By D. Jeffrey Campbell, Linda Pissott Reig and John W. Leardi
December 02, 2005

When a patient files a lawsuit against a drug or medical device company, it is typically based on product liability allegations that the pharmaceutical product caused physical injury. In recent years, however, patients are asserting violations of state consumer fraud or unfair trade practices acts in addition to product liability claims. The benefit of doing so is clear. These claims, if successful, allow enhanced recovery of treble damages, attorneys' fees, court costs and fees.

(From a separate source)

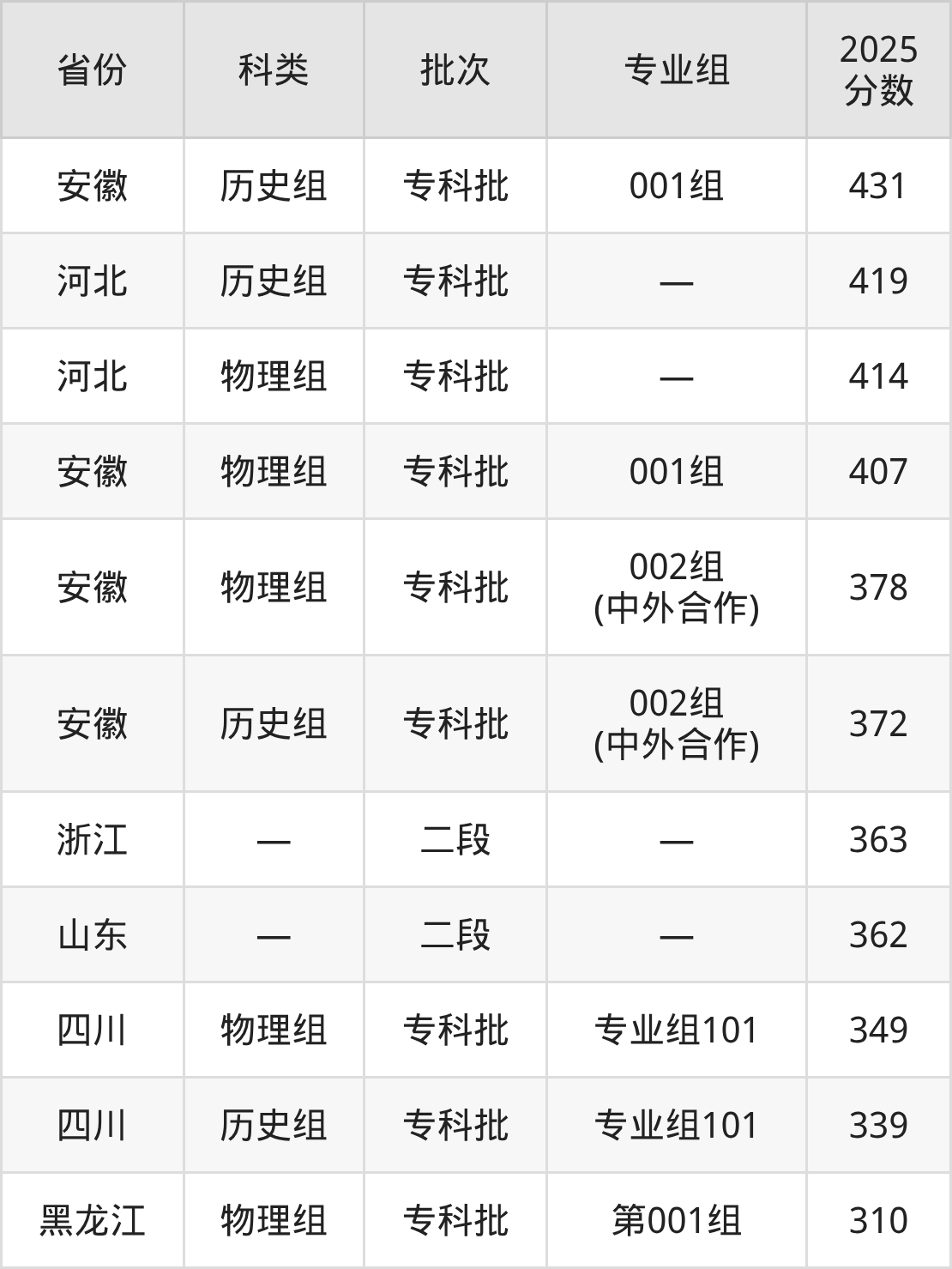 而河北地区历史组考生的分数门槛最高,2025年安徽财贸职业学院在河北招生最低分为419分,考生至少要超专科线219分才有可能被录取。

What happens, however, when a drug or medical device has not caused the litigant any physical injury? Rather than claiming physical injury, a purchaser sues based on a state's consumer fraud or unfair trade practice act, alleging that the drug or medical device company engaged in fraudulent advertising or promotion, or withheld safety information from the physician and consumer. For example, uninjured plaintiffs seek damages for allegedly having paid an “artificially inflated price” due to the dissemination of misleading information about the product.

This article evaluates several recent cases involving patients, physicians and health care plans that sued pharmaceutical companies under their states' consumer fraud or unfair trade practices acts. These lawsuits involve various innovative theories of recovery. In some instances, courts summarily dismissed these actions, but in others, they permitted discovery to proceed.